Ilustrasi Pilar Aqidah Visualisasi pilar-pilar keimanan sebagai fondasi. Tauhid Nubuwwah Kitab Suci Akhirat Takdir

Hasan al Banna, seorang ulama dan pendiri Ikhwanul Muslimin, tidak hanya dikenal karena gerakan dakwahnya, tetapi juga karena penegasan metodologisnya terhadap fondasi keimanan Islam. Aqidah yang diajarkan dan ditekankan oleh beliau merupakan pemahaman Ahlus Sunnah wal Jama'ah yang dihayati secara integral dan aplikatif dalam kehidupan. Aqidah bukan sekadar seperangkat teori yang dihafal, melainkan prinsip hidup yang membentuk karakter dan perilaku seorang Muslim.

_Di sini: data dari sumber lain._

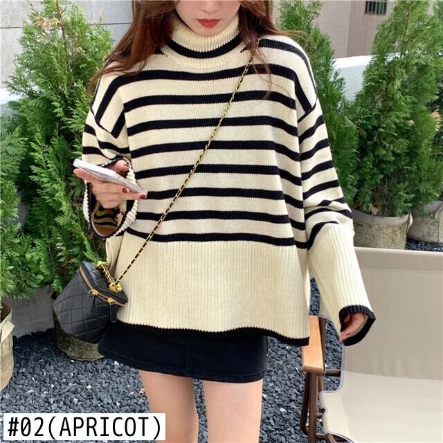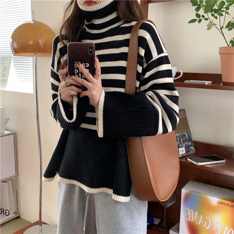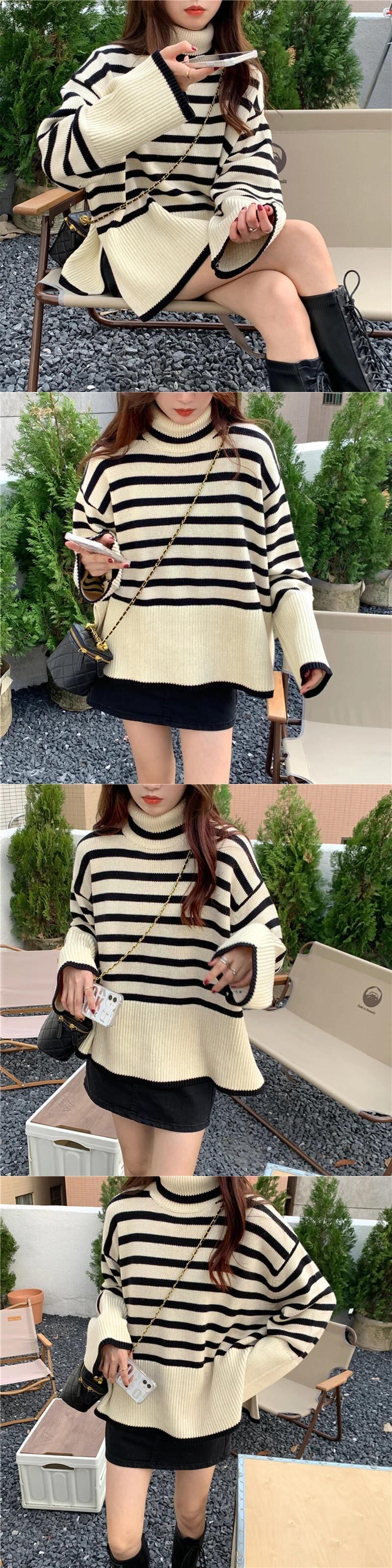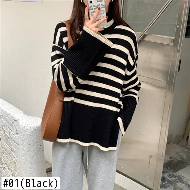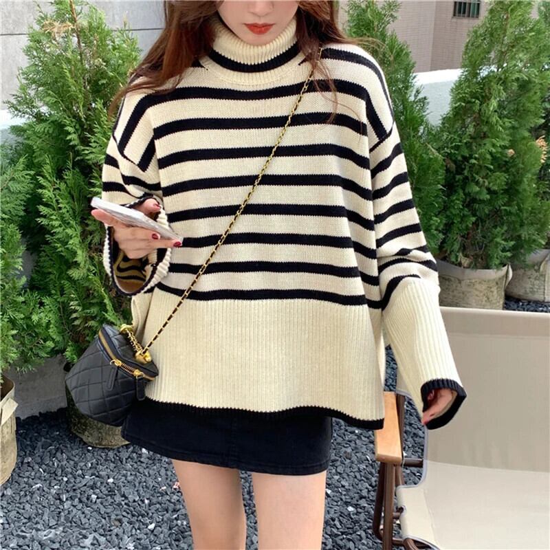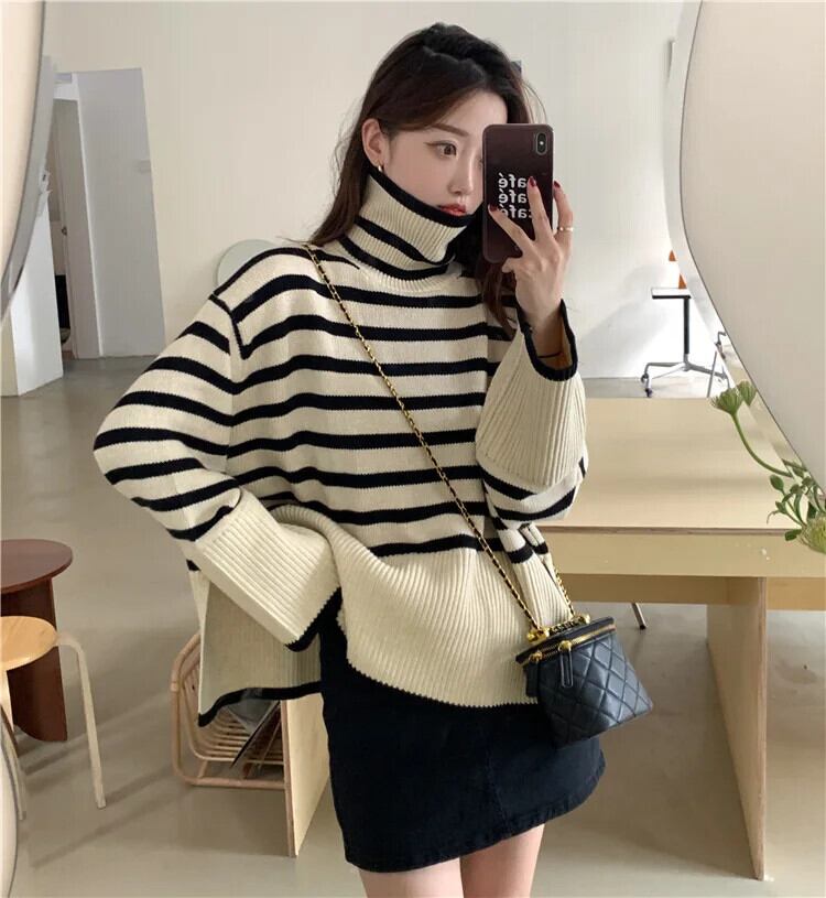 送料無料 Gidyq 女性スリットニットセーター秋ストライプルーズ長袖ジャンパーストリートプルオーバー ロング オータム 秋物 AE008077699581667836
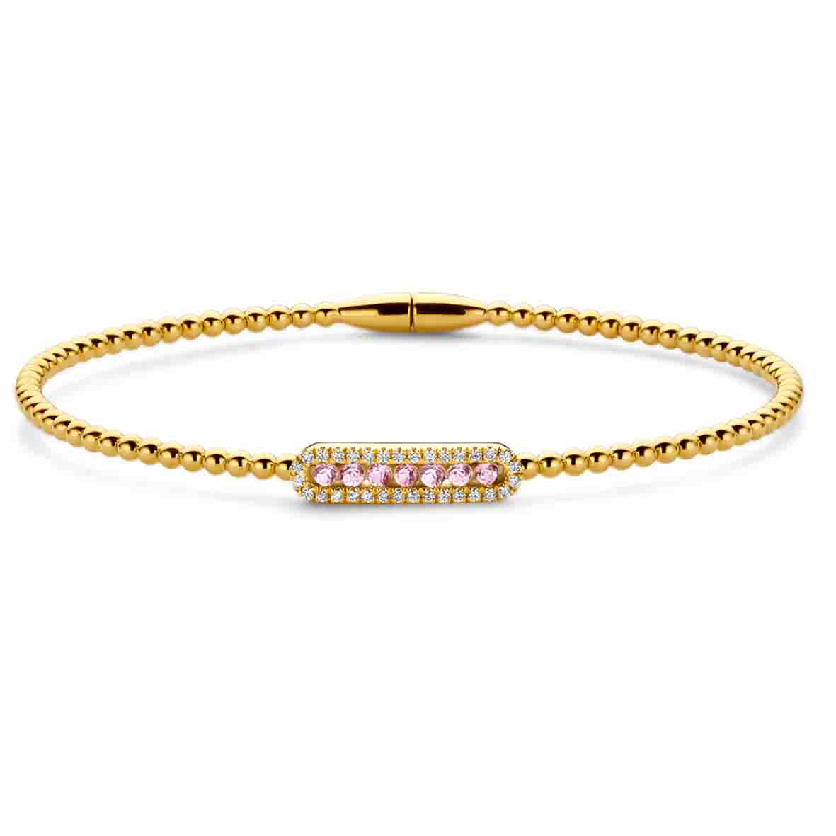 Bracelet jonc saphir rose et diamants en or jaune 18 carats

Karakteristik Utama Aqidah Menurut Hasan al Banna

Aqidah dalam pandangan Hasan al Banna haruslah berakar kuat pada sumber utama Islam: Al-Qur'an dan As-Sunnah. Beliau menekankan bahwa pemahaman keimanan harus bebas dari taklid buta (mengikuti tanpa dalil) dan harus dihayati dengan akal yang sehat serta hati yang murni. Tiga pilar utama yang selalu beliau tekankan dalam kerangka keimanan adalah:

1. Keimanan yang Terinternalisasi (Iman Qauli, Qalbi, wa Amali)

Aqidah yang benar harus meliputi tiga aspek. Pertama, pengakuan lisan (*qauli*), yaitu mengucapkan syahadat dengan benar. Kedua, pembenaran hati (*qalbi*), yaitu keyakinan yang mantap tanpa keraguan sedikit pun terhadap rukun iman. Ketiga, pembuktian melalui amal perbuatan (*amali*). Bagi Hasan al Banna, iman yang hanya ada di lisan tanpa dibuktikan dengan amal saleh adalah iman yang rapuh dan tidak sempurna. Inilah yang membedakan konsep keimanan yang diusung beliau; iman harus menghasilkan tindakan nyata dalam segala aspek kehidupan, baik ibadah ritual maupun muamalah sosial.

2. Kesatuan (Tauhid) sebagai Sentral

Inti dari seluruh ajaran Islam adalah Tauhid—pengesaan Allah SWT. Aqidah Hasan al Banna menempatkan Tauhid Rububiyah (Allah sebagai Pencipta), Uluhiyah (Allah satu-satunya yang berhak disembah), dan Asma wa Sifat (nama dan sifat Allah) sebagai fondasi tak tergoyahkan. Penekanan ini bertujuan untuk meluruskan segala bentuk penyimpangan akidah, baik itu dalam bentuk pemujaan terhadap selain Allah, takhayul, maupun pemisahan antara urusan dunia dan akhirat.

3. Implikasi Sosial dan Etika Keimanan

Berbeda dengan pemikiran yang memisahkan ranah spiritual dan sosial, Hasan al Banna mengajarkan bahwa aqidah yang sahih harus termanifestasi dalam kepedulian sosial. Ketika seseorang beriman kepada Hari Pembalasan, ia akan termotivasi untuk berlaku adil dan berbuat baik kepada sesama. Keimanan kepada takdir (Qada dan Qadar) tidak lantas menumbuhkan sikap pasrah yang fatalistik, melainkan memotivasi untuk berikhtiar maksimal, sebab hasil akhir adalah hak prerogatif Allah. Ini adalah sintesis antara spiritualitas yang mendalam dan tanggung jawab sosial yang tinggi.

Pentingnya Mempertahankan Aqidah yang Murni

Dalam konteks zamannya, Hasan al Banna melihat bahwa umat Islam terancam oleh berbagai ideologi asing dan kemunduran spiritual. Oleh karena itu, pemurnian akidah menjadi langkah awal yang krusial sebelum melakukan reformasi di bidang lain. Tanpa aqidah yang kokoh, upaya perbaikan ekonomi, politik, atau pendidikan akan mudah goyah dan kehilangan arah. Aqidah adalah kompas yang menentukan arah gerak seorang individu maupun kolektif. Ia adalah benteng pertahanan dari keraguan, penyimpangan, dan perpecahan.

Secara ringkas, aqidah menurut Hasan al Banna adalah kerangka pemahaman keimanan yang dinamis, berbasis dalil shahih, dan selalu menuntut manifestasi nyata dalam setiap aspek kehidupan seorang Muslim. Ini bukan hanya persoalan keyakinan pribadi, melainkan cetak biru untuk membangun peradaban yang Islami.